The Eurasian ruffe, a perch-like fish, was introduced to the Duluth-Superior harbor in the ballast water of ships in the mid-1980s. Ruffe have been found only in lakes Superior and Huron but are likely to spread to the other Great Lakes. Ruffe may harm valuable perch, whitefish and herring fisheries by competing for food and eating eggs.

The spiny water flea was found in Lake Huron in 1984. It feeds on daphnia, an important food source for young fish and other organisms. Its spiny tail makes it undesirable prey for many predators. The fleas form large clouds in the lake and gum up fishing lines.

The University of Wisconsin Sea Grant established an exotic species program.

The U.S. Nonindigenous Aquatic Nuisance Prevention and Control Act called for a standard for ballast water quality. About 21 billion gallons of ballast water are released into the nation's waters each year. Voluntary ballast exchange for ocean-going ships entering the Great Lakes became mandatory in 1993.

The round goby has spread to many areas of the Great Lakes. This bottom-dwelling fish can displace native fish, eat their eggs and young, take over habitat, spawn multiple times in a season and survive in poor quality water.

While first discovered in a Rachine harbor in 1990, zebra mussels, have expanded their range along the coast. They reproduce quickly, clogging intake pipes that serve industries and water treatment plants. They damage lakes and rivers, and native mussel species. They are spreading to inland waters.

The Wisconsin Department of Natural Resources submitted a Eurasian water milfoil report and a zebra mussel report to the legislature.

The National Invasive Species Act was passed.

The National Aquatic Nuisance Species Task Force approved a plan on the St.
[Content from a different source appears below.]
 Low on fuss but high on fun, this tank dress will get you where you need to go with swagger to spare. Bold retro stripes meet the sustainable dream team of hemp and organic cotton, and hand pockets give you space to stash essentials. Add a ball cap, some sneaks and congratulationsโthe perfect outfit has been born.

Croix National Scenic Riverway that provides funding to protect against the introduction of zebra mussels and other invasive species.
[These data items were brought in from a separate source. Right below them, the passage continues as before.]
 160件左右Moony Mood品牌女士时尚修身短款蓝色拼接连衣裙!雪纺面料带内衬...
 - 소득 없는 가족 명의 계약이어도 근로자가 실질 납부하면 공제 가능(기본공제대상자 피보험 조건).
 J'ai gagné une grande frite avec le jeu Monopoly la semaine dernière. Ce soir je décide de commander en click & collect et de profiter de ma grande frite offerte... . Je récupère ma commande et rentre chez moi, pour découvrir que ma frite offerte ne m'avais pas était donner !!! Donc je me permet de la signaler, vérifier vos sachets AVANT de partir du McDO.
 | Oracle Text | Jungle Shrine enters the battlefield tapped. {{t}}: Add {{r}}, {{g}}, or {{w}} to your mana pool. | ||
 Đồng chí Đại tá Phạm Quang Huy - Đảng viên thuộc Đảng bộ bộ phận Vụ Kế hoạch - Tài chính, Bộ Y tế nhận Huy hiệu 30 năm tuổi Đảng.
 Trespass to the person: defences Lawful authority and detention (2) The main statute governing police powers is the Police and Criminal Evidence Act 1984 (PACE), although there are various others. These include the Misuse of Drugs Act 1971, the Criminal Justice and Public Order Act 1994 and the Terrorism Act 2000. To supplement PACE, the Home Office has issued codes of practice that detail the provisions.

White perch were found in the Green Bay/Fox River system in 1988, in the Duluth harbor in 1986, and in the Milwaukee harbor in 1999. This relative of the white bass, yellow bass and striped bass, is an East Coast native.

President Bill Clinton directed federal agencies to fight invasive species "that are upsetting nature's balance, squeezing out our native species, causing severe economic damage and transforming our landscape."

The International Joint Commission (IJC) completed a study of exotic species in the Great Lakes. Recommendations called for biological standards for ballast water in ships.

A policy is developed by the Great Lakes Panel on Aquatic Nuisance Species to guide ballast water management in the Great Lakes region.